Johnsen, a longtime yoga practitioner and author of "Daughters of the Goddess: The Women Saints of India," notes here that although yoga has become an almost trendy part of American culture, its popularity remains superficial because "the inner essence of yoga has still not percolated through to the average American." Since we live in the most action-oriented, media-saturated nation in the world, the idea of just sitting still seems foreign to many in our culture.

Johnsen recounts that as she leads yoga classes and retreats with American students, she responds to their most frequent complaint--that yoga is boooooring--with the chastisement that "if you are bored, you are not meditating." True yoga, she says, is such a state of perfect absorption that it could never be boring.
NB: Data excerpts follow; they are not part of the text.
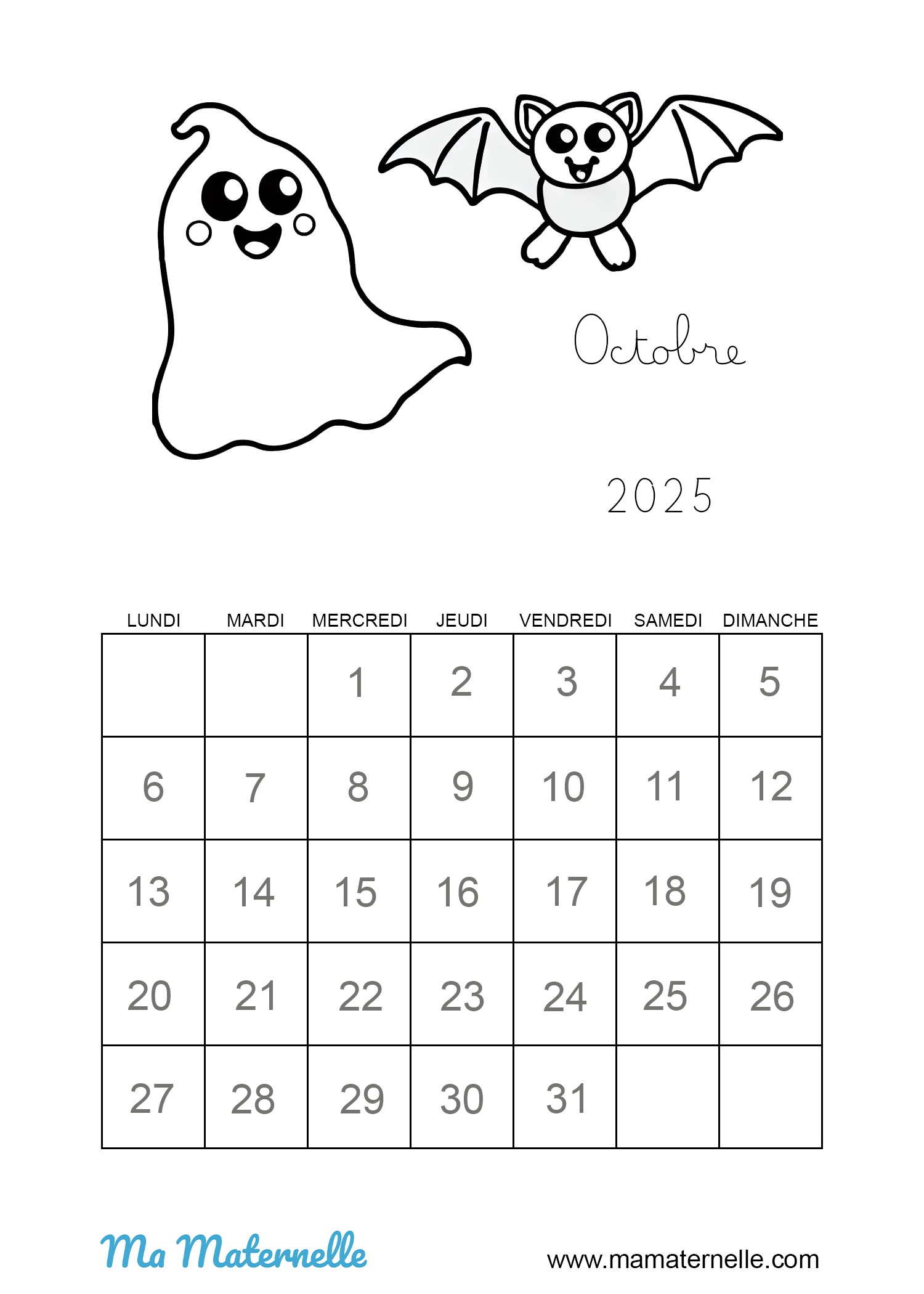 Voici le calendrier du mois d’octobre 2025 à colorier. À l’école il est parfois proposé aux enfants ce type de calendrier à cases afin de les aider à se repérer dans le temps. Chaque jour les petits élèves pourront faire une croix à la bonne date. Vous pouvez également y ajouter leurs activités à chaque date (sport, sorties…) les anniversaires, les fêtes, votre programme pour les vacances etc…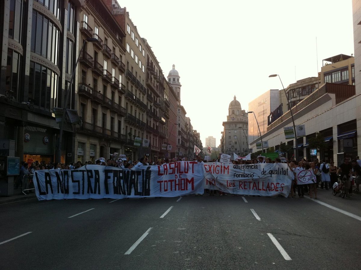 A las 9.40 horas, unos 400 sanitarios han cortado la Gran Via y la calle Balmes de Barcelona hasta las 12 horas contra el recorte salarial que tenía previsto negociar la Mesa Sectorial del ICS y que se ha suspendido por la irrupción de 200 trabajadores en el edificio.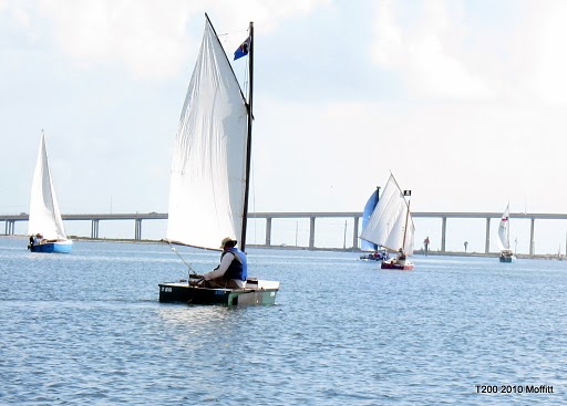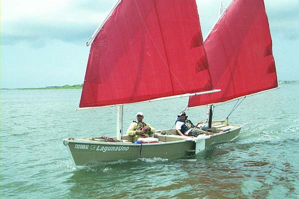 It's Gordo in his Laguna, this time with crew. They also are churning along. By the way, the Laguna crews mostly had polytarp sails and they looked good, went fast, and never broke. I'm glad polytarp sail technology has gotten to this point, where a fellow can make good sails on the cheap.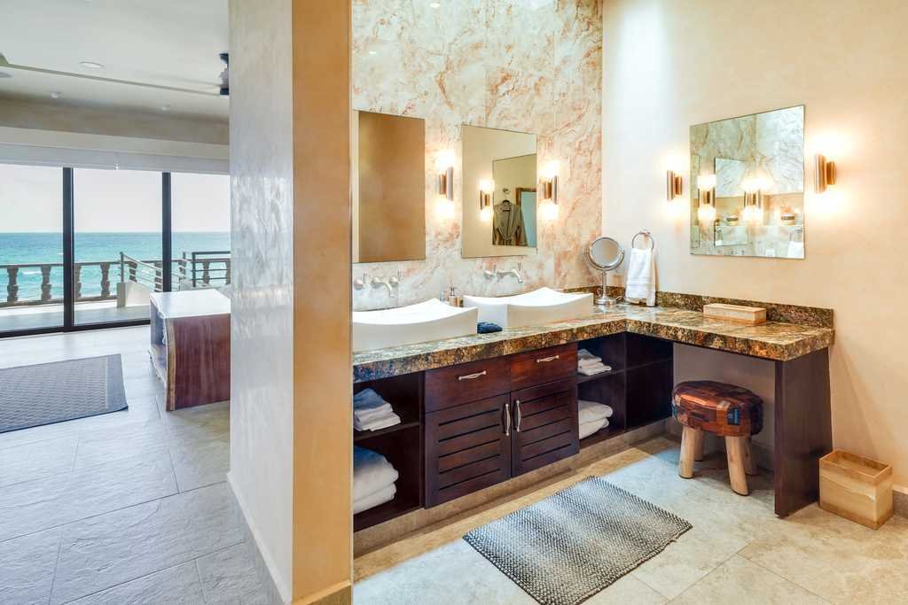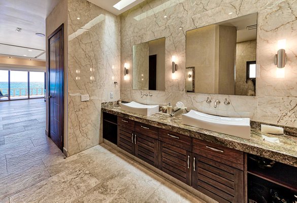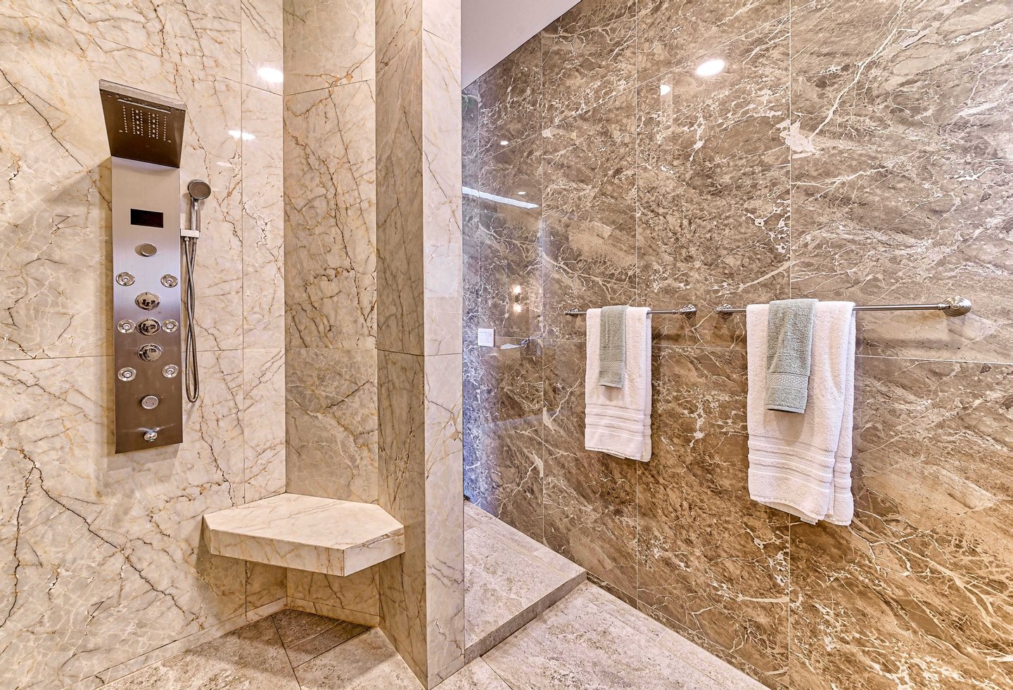 Doppelt. - Badezimmer: 5 Vollbäder + 1 WC, alle mit luxuriösen Oberflächen und Regenduschen.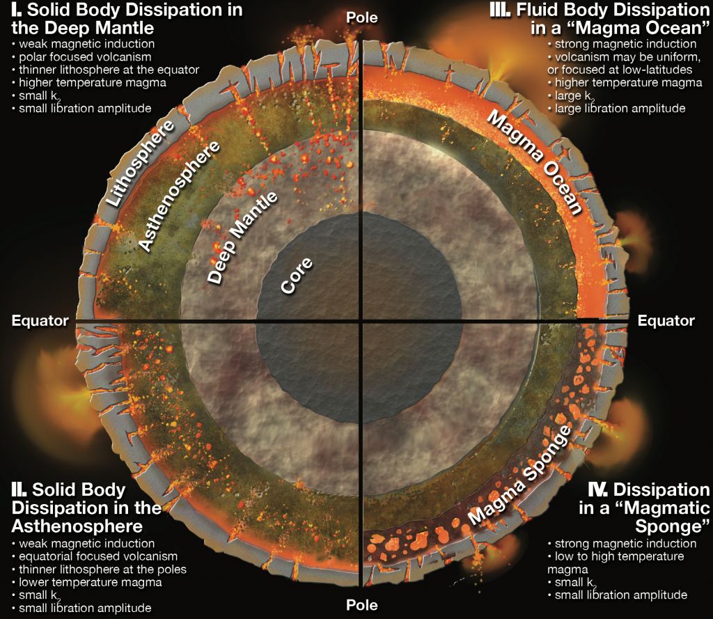 There are unanswered questions about Io, its volcanism, and its interior composition. Scientists know that tidal heating from Jupiter is the moon's primary heat source, but they aren't certain how the heat is distributed inside. They are also uncertain about the extent of Io's magma ocean.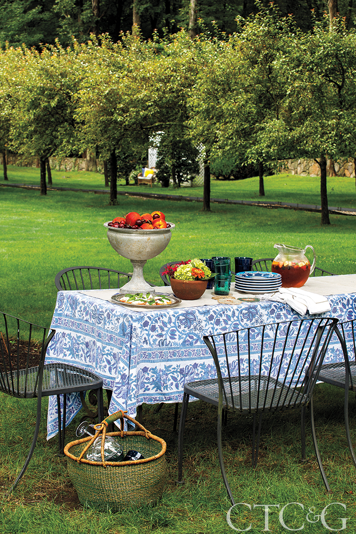 An urn from Terrain holds a bounty of fresh fruit on a table topped with a tablecloth purchased during a trip to India and a tablerunner from Buchanan’s home collection. Melamine plates are from Williams-Sonoma. For easy entertaining, Buchanan stores outdoor-use stemware, cutlery and plates in ready-to-go baskets and jars.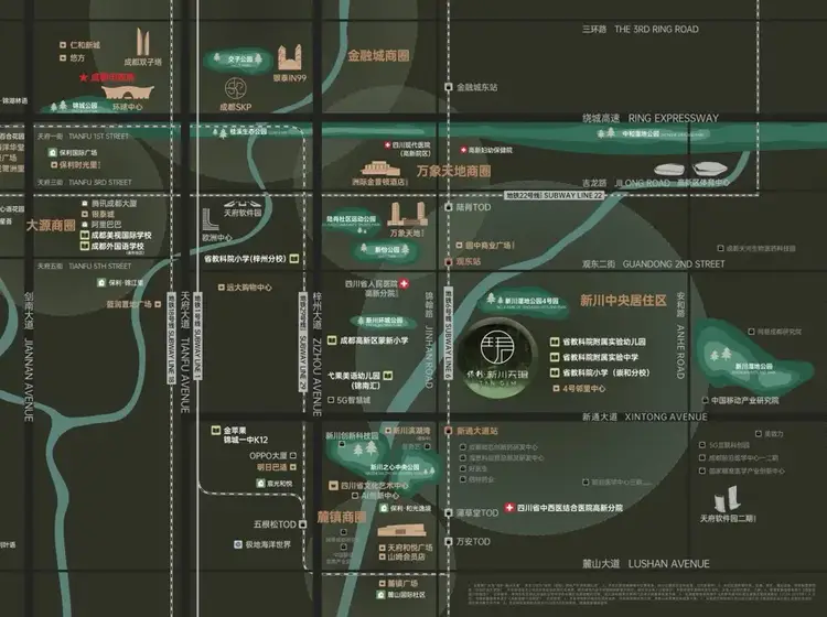 综合医院:直线 3 公里范围内有高新龙翔医院、四川省中西医结合医院高新医院、四川现代医院(高新院区)等。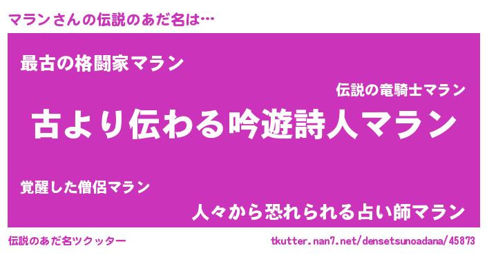 | 男性向けラノベタイトル風あだ名 | 『マランという概念が存在しない退屈な世界 』 |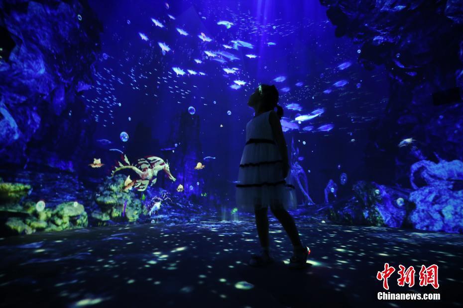 7月5日,民眾欣賞“尋夢海底兩萬里深海之光”沉浸式藝術展。當日,該展在北京嘉德藝術中心開幕。展覽是以“深海之光”為主題的海底光影沉浸式藝術展,創(chuàng)意藝術團隊利用數字技術和水打造出一個能夠感受到“生命”的深海世界。中新社記者楊可佳 攝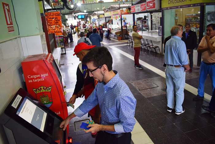 El sistema es simple y guía al usuario paso a paso: una vez elegida la opción de carga, cada usuario deberá insertar la tarjeta en una ranura o apoyarla en un lector digital para, seguidamente, colocar en otra abertura el billete con el monto que desea ingresar.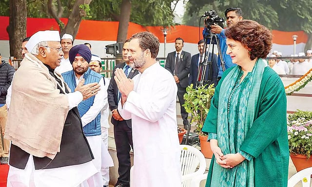 காங்கிரஸ் தலைவர் மல்லிகார்ஜுன கார்கே கட்சி கொடியை ஏற்றி வைத்தார். ராகுல்காந்தி, பிரியங்கா உள்ளிட்ட முக்கிய தலைவர்கள் இதில் பங்கேற்றனர்.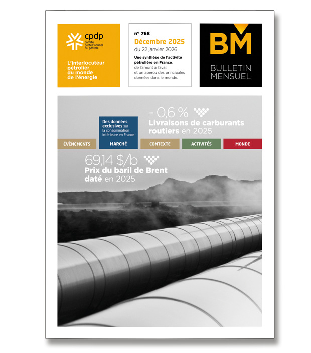 22 janvier 2026Bulletin MensuelSynthèse de l'activité pétrolière (pétrole brut et produits pétroliers raffinés) en France, de l'amont à l'aval (production, importations, exportations, raffinage, livraisons, consommation), et ... -

Drawing upon her own experiences as a disciple of the colorful, argumentative guru Swami Rama (Swamiji), she discusses the nine impediments that can block fruitful meditation, using memorable examples ranging from contemporary Indian sages like the famed Ammachi to classic episodes of "Star Trek" to demonstrate various points about meditation's benefits. (The Trekkie references, though illuminating, are a tad ironic, since a recurring theme throughout the book is Johnsen's contempt for television.)

One of the book's most incisive points is that meditation offers a "dress rehearsal" for-- gulp--death, a topic that is stringently avoided in American culture. Yogis who slow their breath and their heartbeat transcend the body and mind, attaining an enlightened state of union. And in a world where people assiduously develop their 401(k) portfolios and even plan their funerals, Johnsen asks, isn't it more important to cultivate what we can take with us?